- Raw data -
----

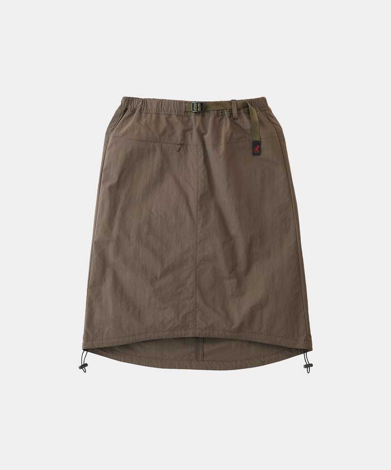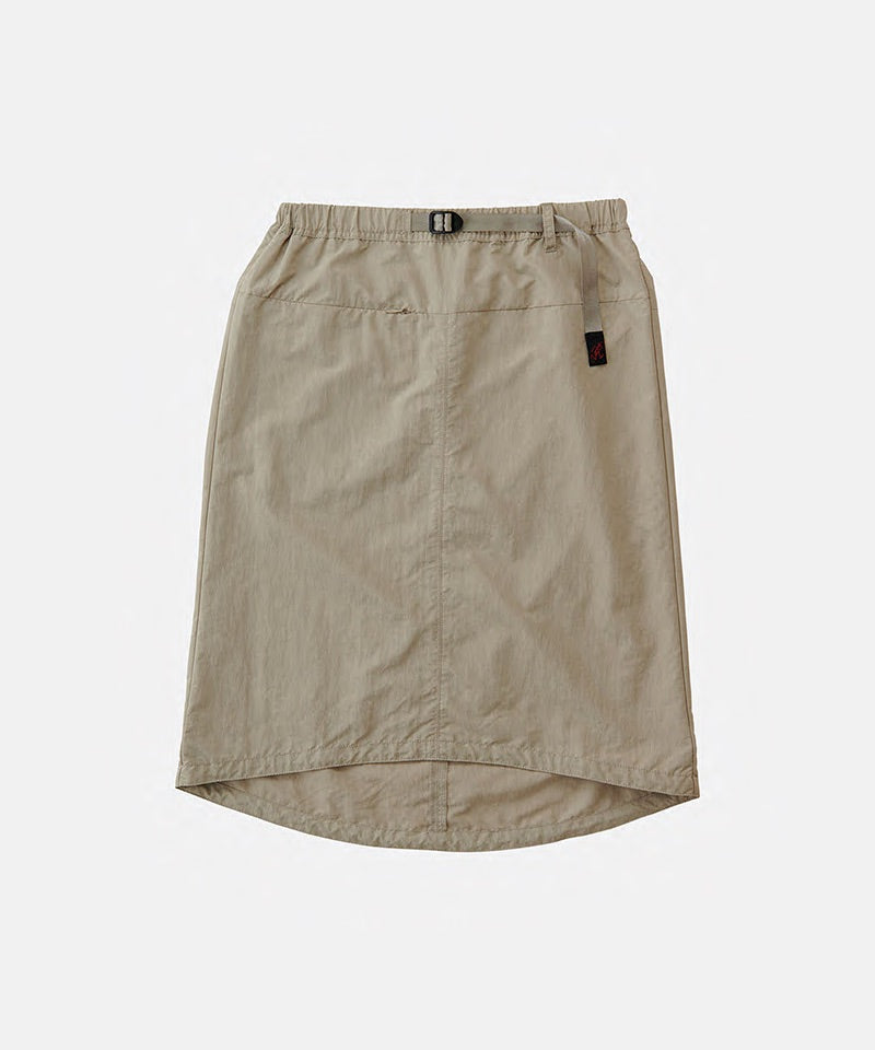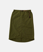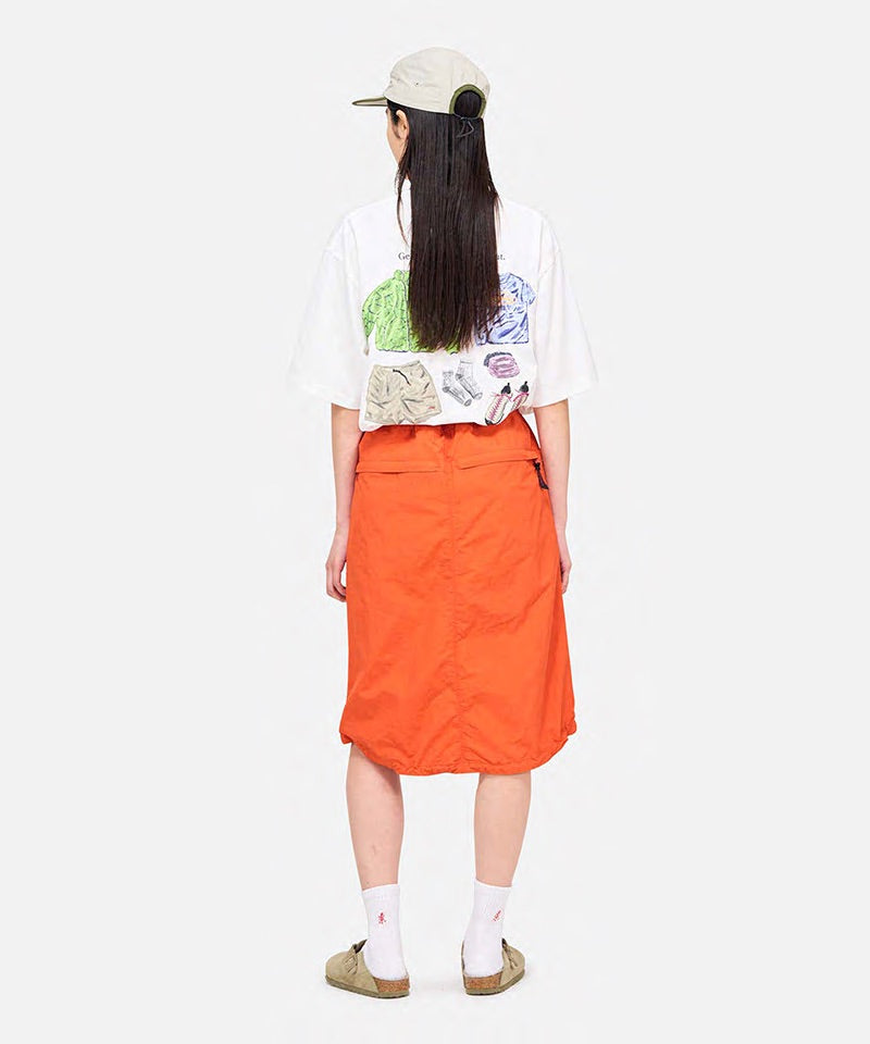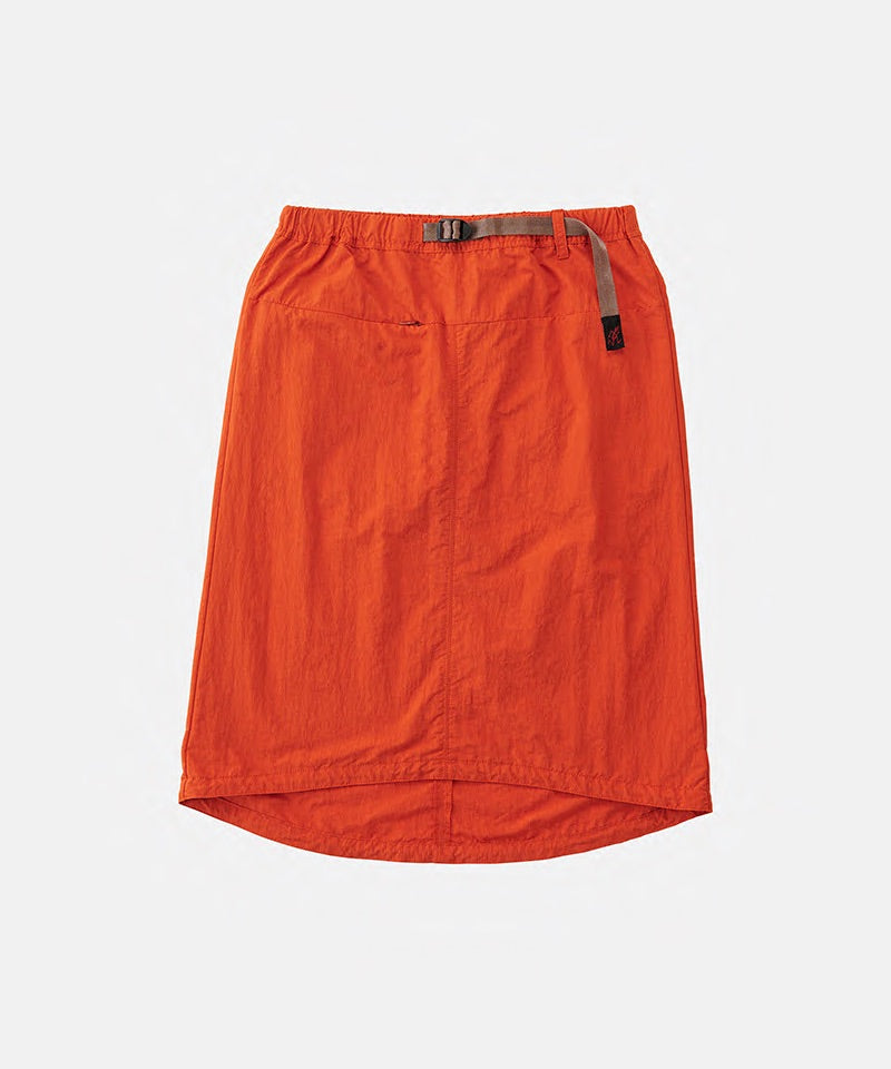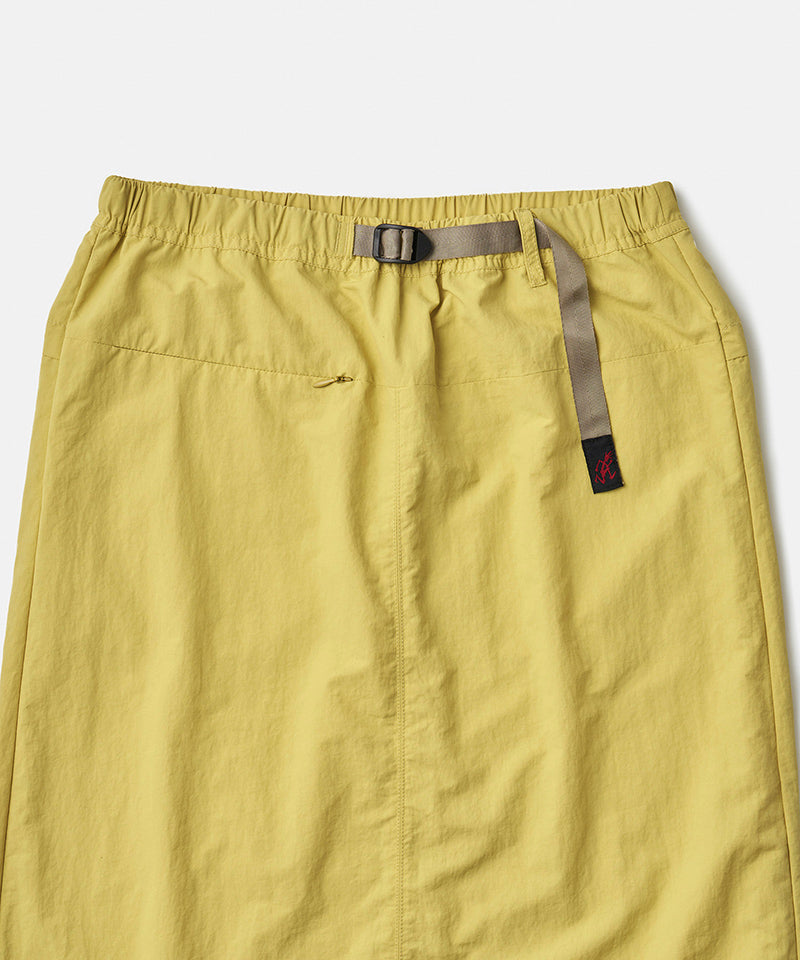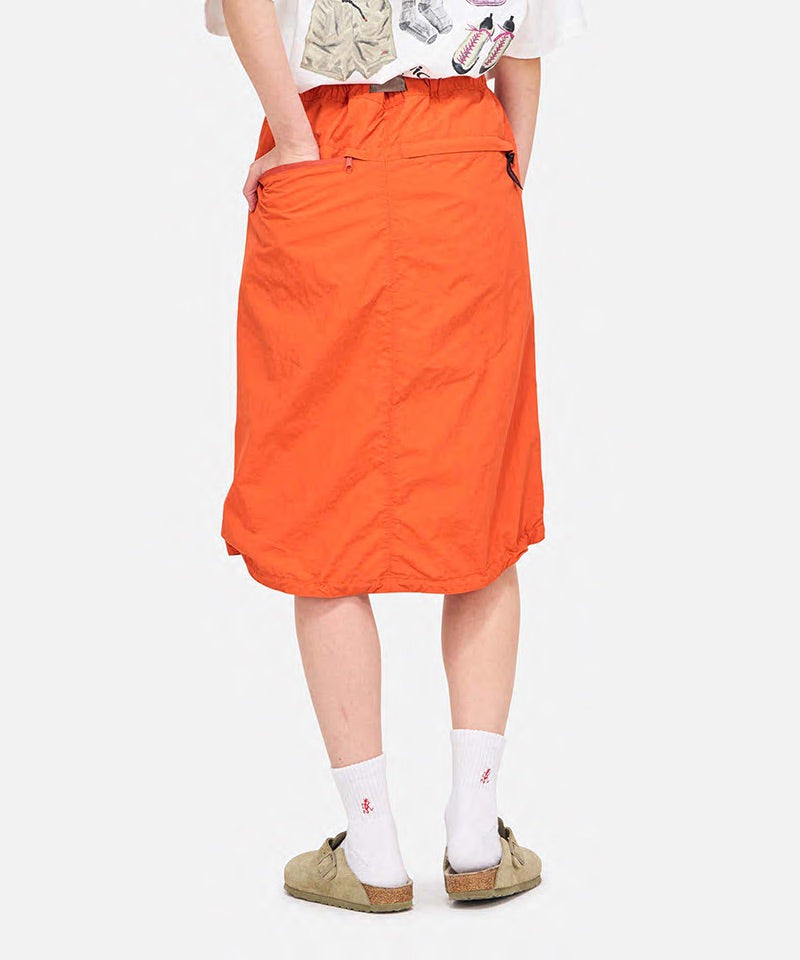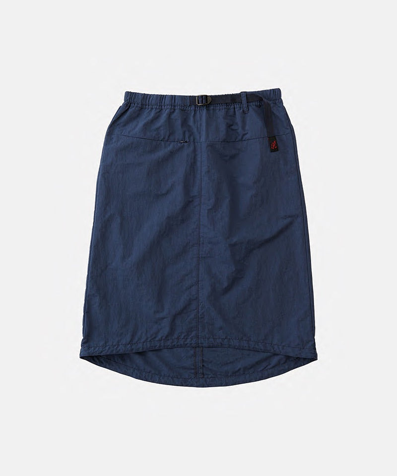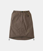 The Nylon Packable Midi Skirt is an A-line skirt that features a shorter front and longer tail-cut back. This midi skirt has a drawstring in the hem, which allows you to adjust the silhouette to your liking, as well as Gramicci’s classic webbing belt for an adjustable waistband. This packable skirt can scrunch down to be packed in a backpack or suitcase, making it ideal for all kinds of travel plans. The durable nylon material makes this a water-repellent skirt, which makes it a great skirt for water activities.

----

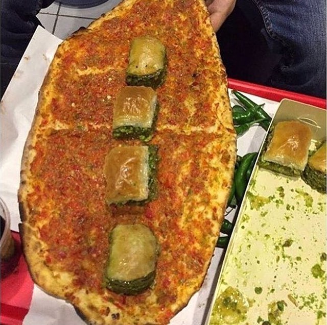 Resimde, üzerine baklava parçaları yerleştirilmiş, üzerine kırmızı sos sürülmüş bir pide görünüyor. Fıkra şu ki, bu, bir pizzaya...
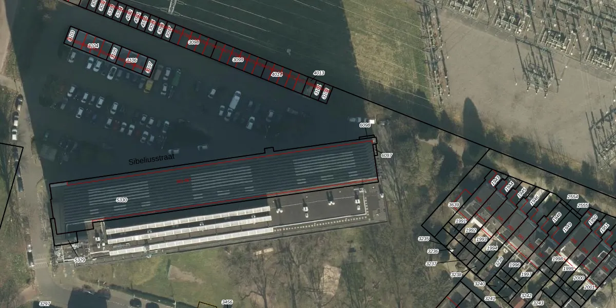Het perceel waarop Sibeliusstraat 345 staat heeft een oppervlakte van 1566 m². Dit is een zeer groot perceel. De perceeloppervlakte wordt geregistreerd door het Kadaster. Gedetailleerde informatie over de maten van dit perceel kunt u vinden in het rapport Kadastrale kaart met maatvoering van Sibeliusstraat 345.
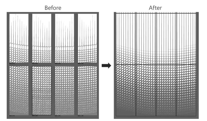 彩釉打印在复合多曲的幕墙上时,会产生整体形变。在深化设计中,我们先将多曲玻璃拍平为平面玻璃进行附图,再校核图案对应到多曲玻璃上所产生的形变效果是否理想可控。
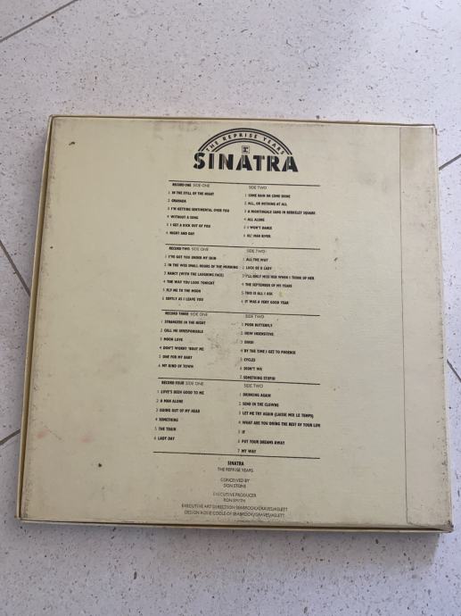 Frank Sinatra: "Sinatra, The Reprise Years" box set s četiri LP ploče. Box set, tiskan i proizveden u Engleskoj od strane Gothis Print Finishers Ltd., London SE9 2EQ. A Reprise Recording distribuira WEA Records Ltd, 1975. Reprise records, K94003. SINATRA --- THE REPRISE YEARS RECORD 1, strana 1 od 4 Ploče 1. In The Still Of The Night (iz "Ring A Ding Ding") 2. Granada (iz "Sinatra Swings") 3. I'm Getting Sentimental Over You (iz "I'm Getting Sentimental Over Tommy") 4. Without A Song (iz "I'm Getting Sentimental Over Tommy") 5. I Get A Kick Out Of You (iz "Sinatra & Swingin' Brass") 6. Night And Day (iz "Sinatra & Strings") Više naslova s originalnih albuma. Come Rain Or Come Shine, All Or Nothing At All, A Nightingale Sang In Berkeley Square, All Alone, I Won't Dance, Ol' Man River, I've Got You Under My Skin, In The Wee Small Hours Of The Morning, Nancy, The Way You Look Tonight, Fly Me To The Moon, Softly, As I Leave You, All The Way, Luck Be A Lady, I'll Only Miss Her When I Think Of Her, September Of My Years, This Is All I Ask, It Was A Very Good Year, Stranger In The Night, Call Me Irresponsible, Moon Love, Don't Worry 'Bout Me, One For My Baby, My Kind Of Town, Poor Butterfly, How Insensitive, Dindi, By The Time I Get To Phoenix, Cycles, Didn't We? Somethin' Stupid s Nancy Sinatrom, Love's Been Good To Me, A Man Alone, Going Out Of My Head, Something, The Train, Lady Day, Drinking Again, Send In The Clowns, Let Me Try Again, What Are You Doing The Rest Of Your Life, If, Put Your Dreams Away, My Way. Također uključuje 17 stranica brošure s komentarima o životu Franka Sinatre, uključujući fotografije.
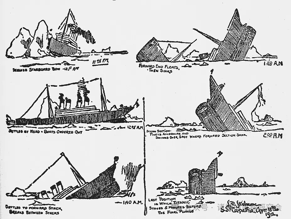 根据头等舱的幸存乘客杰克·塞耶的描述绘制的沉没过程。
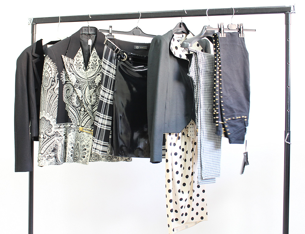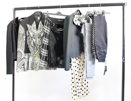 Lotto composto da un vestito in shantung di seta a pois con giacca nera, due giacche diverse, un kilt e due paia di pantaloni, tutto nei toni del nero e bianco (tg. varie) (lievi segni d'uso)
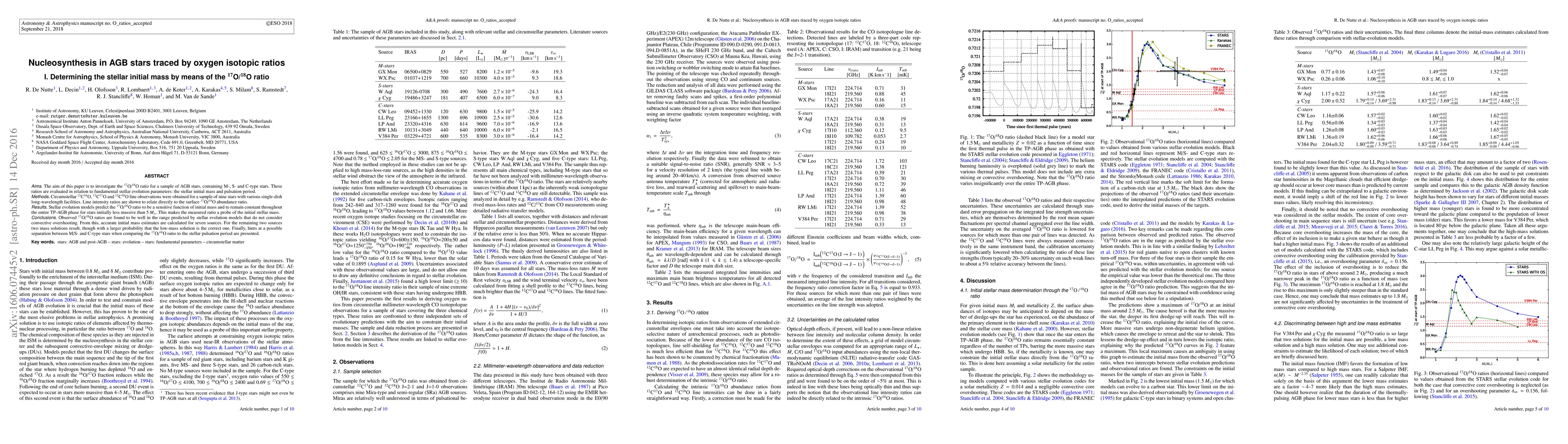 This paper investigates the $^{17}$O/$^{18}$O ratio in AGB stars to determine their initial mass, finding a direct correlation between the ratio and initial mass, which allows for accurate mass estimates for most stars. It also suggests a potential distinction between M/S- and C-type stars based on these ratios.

----

- What needs to be done -
The material above holds pictures; leave them out. Repeat exactly the lines from the one containing "Resimde, üzerine baklava" through the one containing "彩釉打印在复合多曲的幕墙上时", and nothing else.

- Exercise output -
 Resimde, üzerine baklava parçaları yerleştirilmiş, üzerine kırmızı sos sürülmüş bir pide görünüyor. Fıkra şu ki, bu, bir pizzaya...
Het perceel waarop Sibeliusstraat 345 staat heeft een oppervlakte van 1566 m². Dit is een zeer groot perceel. De perceeloppervlakte wordt geregistreerd door het Kadaster. Gedetailleerde informatie over de maten van dit perceel kunt u vinden in het rapport Kadastrale kaart met maatvoering van Sibeliusstraat 345.
 彩釉打印在复合多曲的幕墙上时,会产生整体形变。在深化设计中,我们先将多曲玻璃拍平为平面玻璃进行附图,再校核图案对应到多曲玻璃上所产生的形变效果是否理想可控。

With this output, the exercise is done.